TASK REQUIREMENTS =>
Reproduce the opening lines of the listing below exactly, stopping after the line that contains "在曲阜市尼山腳下的魯源新村文" and leaving out any pictures.

DATASET EXCERPT =>
=====
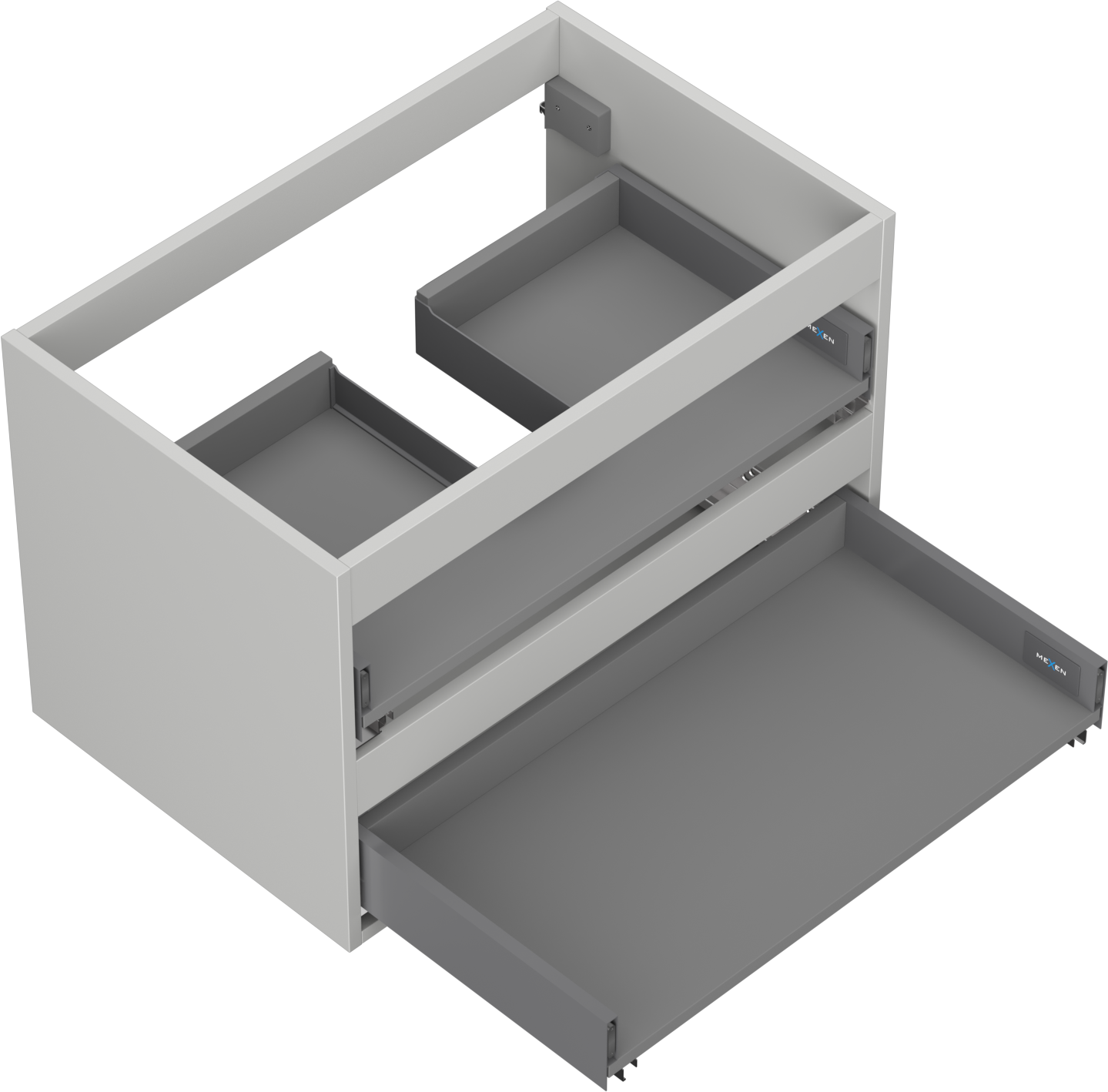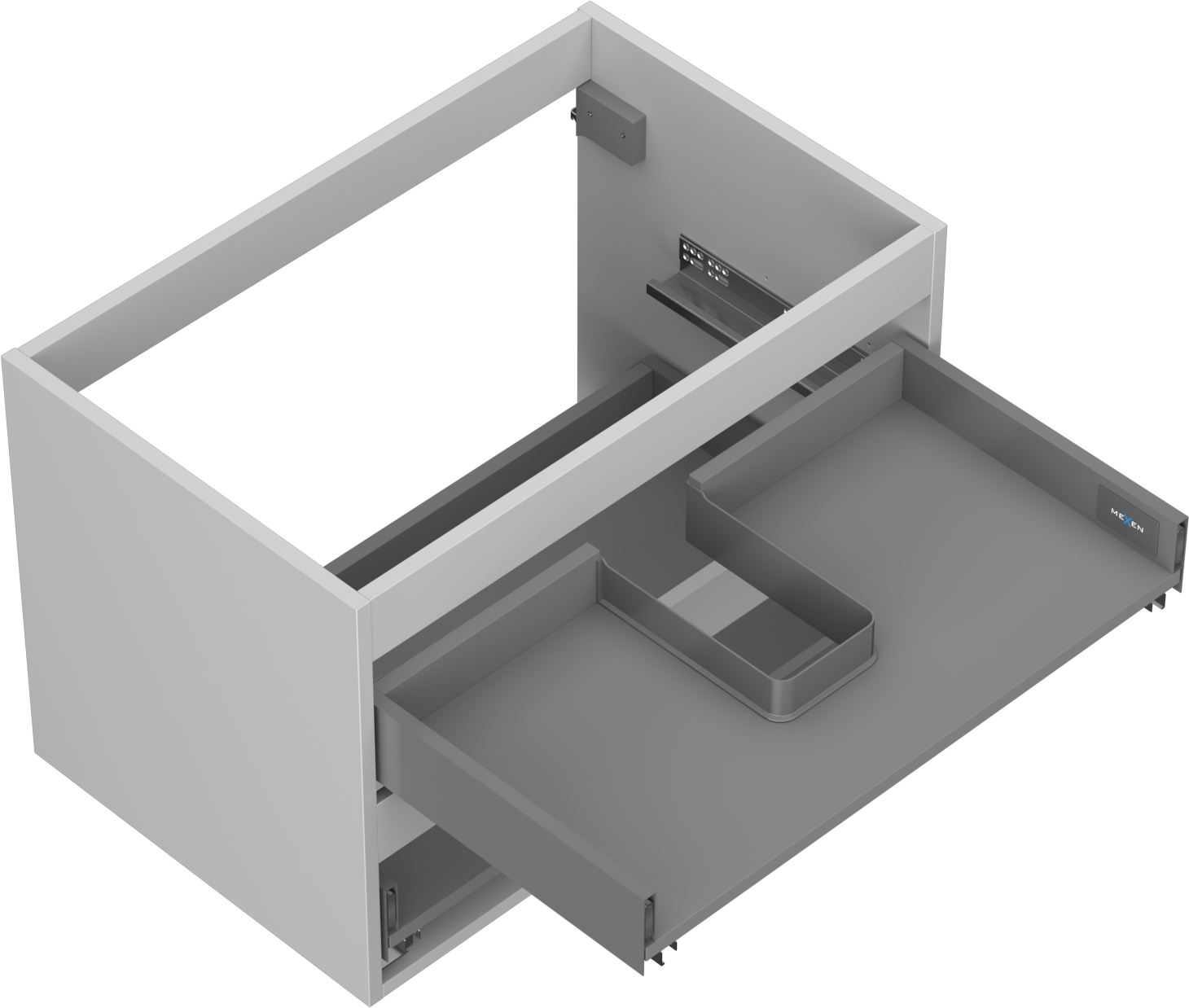 Výřez v zásuvce je navržen tak, aby pojmul sifon, který je nezbytný v instalacích umyvadlových. Díky tomu může být nábytek plně funkčně namontován, aniž by bylo nutné vzdát se prostoru v zásuvce ve prospěch instalace.
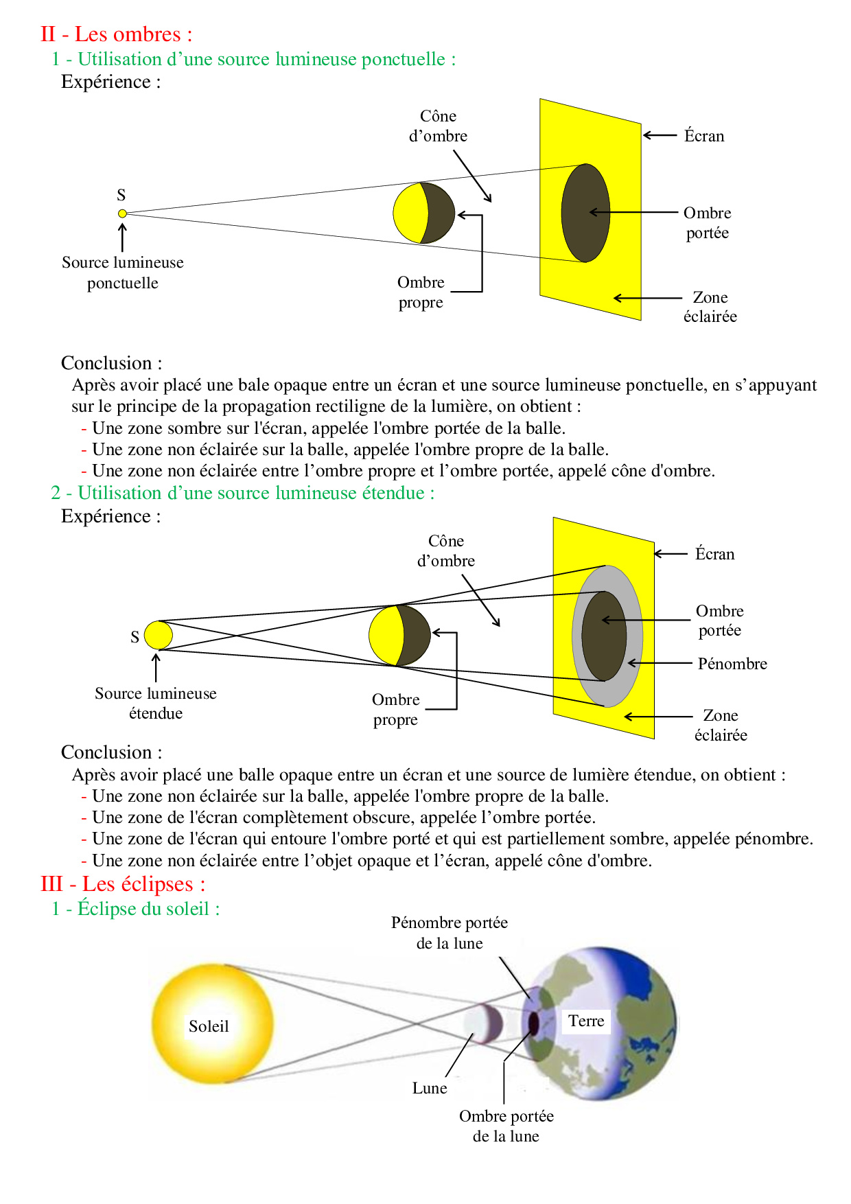 Applications de la propagation rectiligne de la lumière - Cours 1
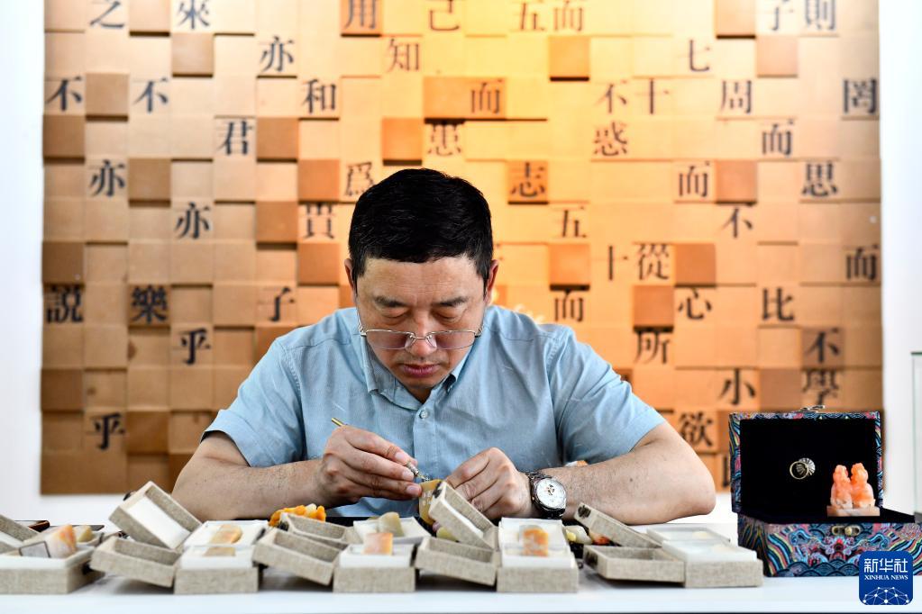 在曲阜市尼山腳下的魯源新村文化街區,孔府印閣的工作人員在制作印章(2023年6月8日攝)。
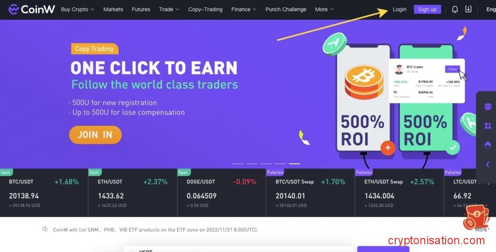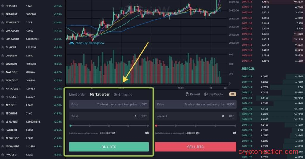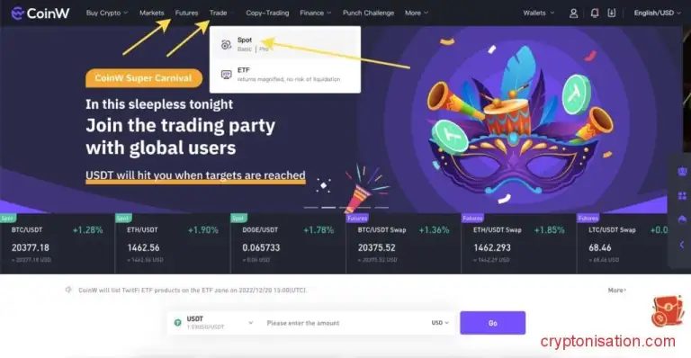 Для покупки биткоинов на спотовом рынке CoinW:
=====
OUTPUT OF THE EXERCISE =>
 Výřez v zásuvce je navržen tak, aby pojmul sifon, který je nezbytný v instalacích umyvadlových. Díky tomu může být nábytek plně funkčně namontován, aniž by bylo nutné vzdát se prostoru v zásuvce ve prospěch instalace.
 Applications de la propagation rectiligne de la lumière - Cours 1
 在曲阜市尼山腳下的魯源新村文化街區,孔府印閣的工作人員在制作印章(2023年6月8日攝)。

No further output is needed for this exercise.